Even what would now be considered simple was sometime challenging. I remember one camp with Baseball Canada in the early 1990’s where I tested a group of 40 athletes on a Friday evening and had to provide feedback the next day at 11:00 am. In an effort to improve the quality of reports I had a state of the art portable ink jet printer. I was sure, based on advertising, that this would be a big step up from the slow, clunky, unreliable dot matrix printer. The ink jet printer held the promise of high-quality graphs and tables, something we had never been able to do well. Unfortunately, I hadn’t paid close attention to the printer specs. Between the paper tray that only held 4 sheets of paper and constantly jammed and the 2-3 minutes it took to print each page I was up all night printing reports, finishing them just in time to drive to the training facility for the coach and athlete feedback meetings. I got through the meetings but had to sleep in the car for a few hours before driving back to Ottawa.
CSCA – Where do you see S&C going in the next 10 years?

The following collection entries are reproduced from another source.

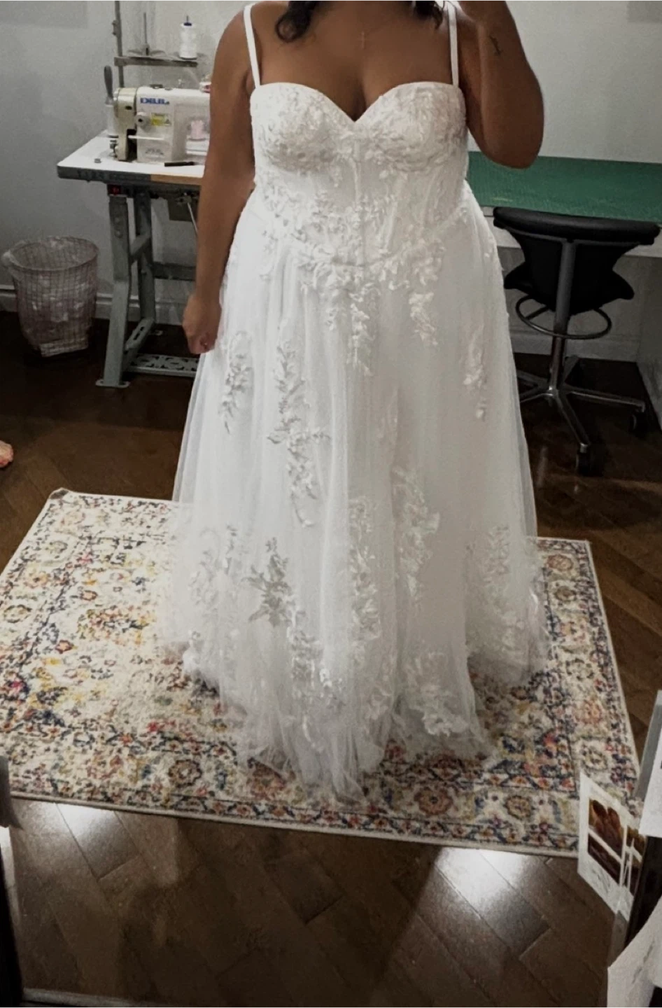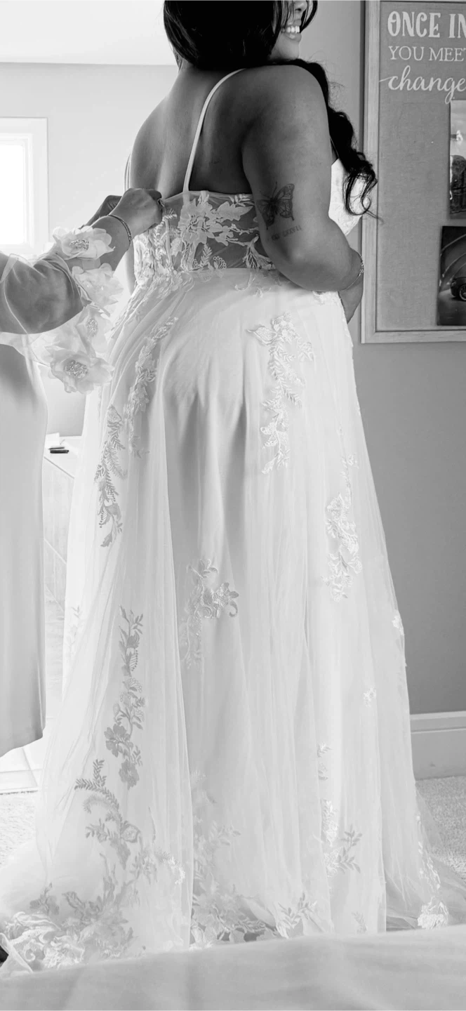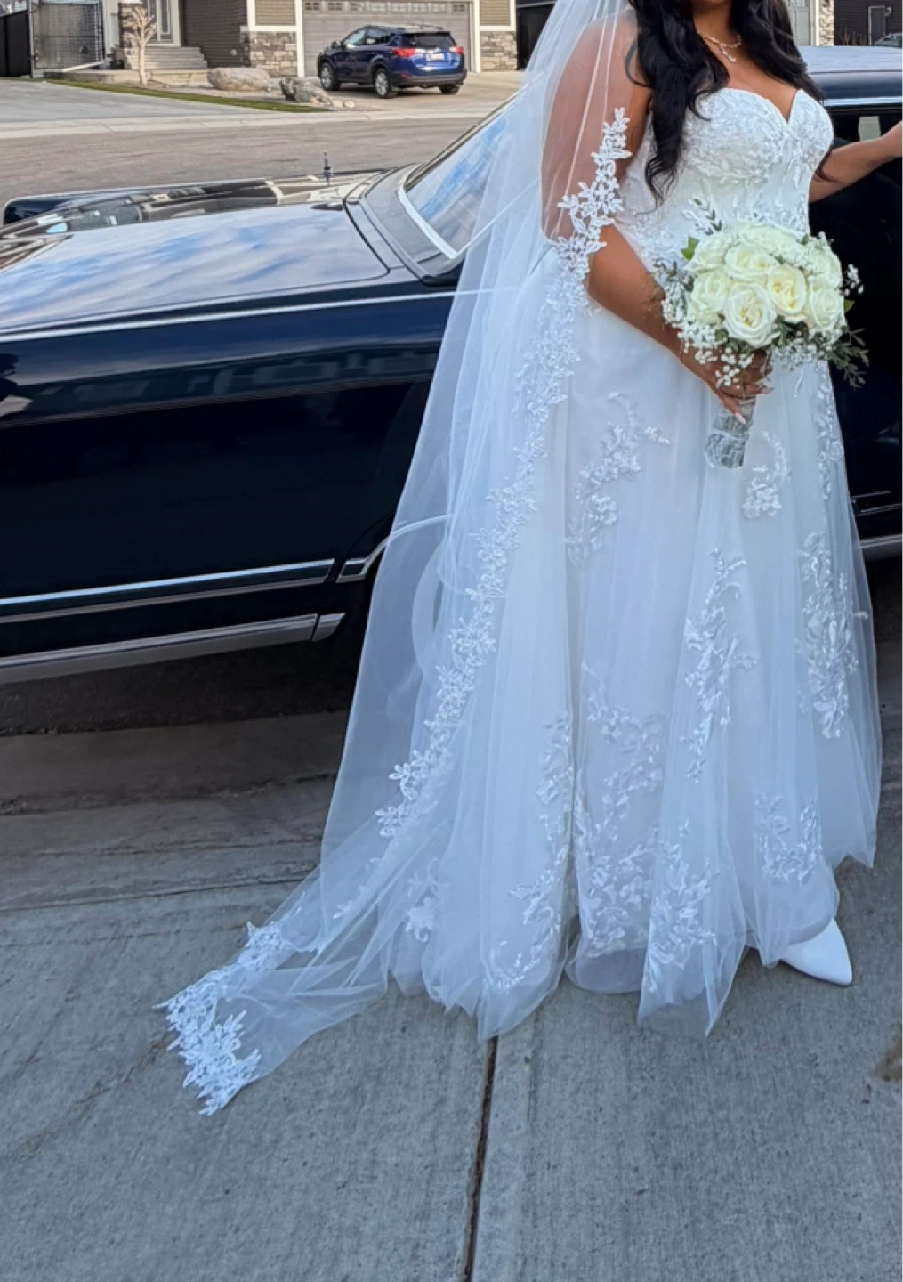 Beautiful white strapless wedding dress. It features intricate lace appliques and a flowing tulle skirt. This dress would be perfect for a wedding day!
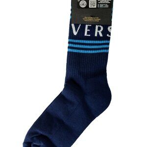 Versace Dark Blue & White Logo Print Athletic Socks sz L
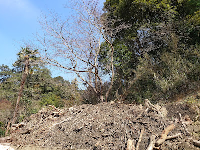 ところで、先週末から始めた新天地の一部に積み上げられた土砂や木の瓦礫の片付け、今日も少しやっておいた。
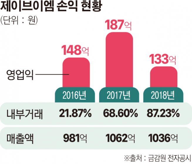 금융감독원 전자공시시스템에 따르면 제이브이엠이 지난해 계열사들로부터 상품 및 제품 판매 등으로 거둬들인 매출은 총 904억 원으로, 전체 매출에서 차지하는 비중은 87.23%에 달한다. 올 1분기 기준으로는 89.97%로 지속적으로 오르고 있다.

EM – This is a tough question because where I would like to see S&C and where I think it will actually be are different. I would like to see a strong and active CSCA with a couple thousand engaged members who are active in the organization and advocating for further professionalism and acceptance of S&C as a profession.
I would like to see well established paid internship and apprenticeship programs, something beyond the short school credit placements that are often the norm. I hope there will be a system where the more senior coaches in the system provide mentorship opportunities for young S&C coaches. I hope we get to the point that we start to value a broader based education for S&C coaches that might include business and leadership education, critical thinking and communication, and coaching. I still find it perplexing that we want to call ourselves coaches but few have ever coached a team or participated in any coaching education.
I’m not sure how much of this we will accomplish in the next 10 years. I have been around long enough to know that in the Canadian sport system everything takes much longer than anticipated and that things are slow to change. Time is the biggest obstacle. With so many S&C coaches holding down multiple jobs to make a living or running their own businesses it is hard to find the time to commit to improving the profession. If we are patient and resolute in our desire to raise the quality and profile of S&C coaching in Canada I am optimistic that the CSCA can start to bring us together and that we can create a common vision for the profession moving forward.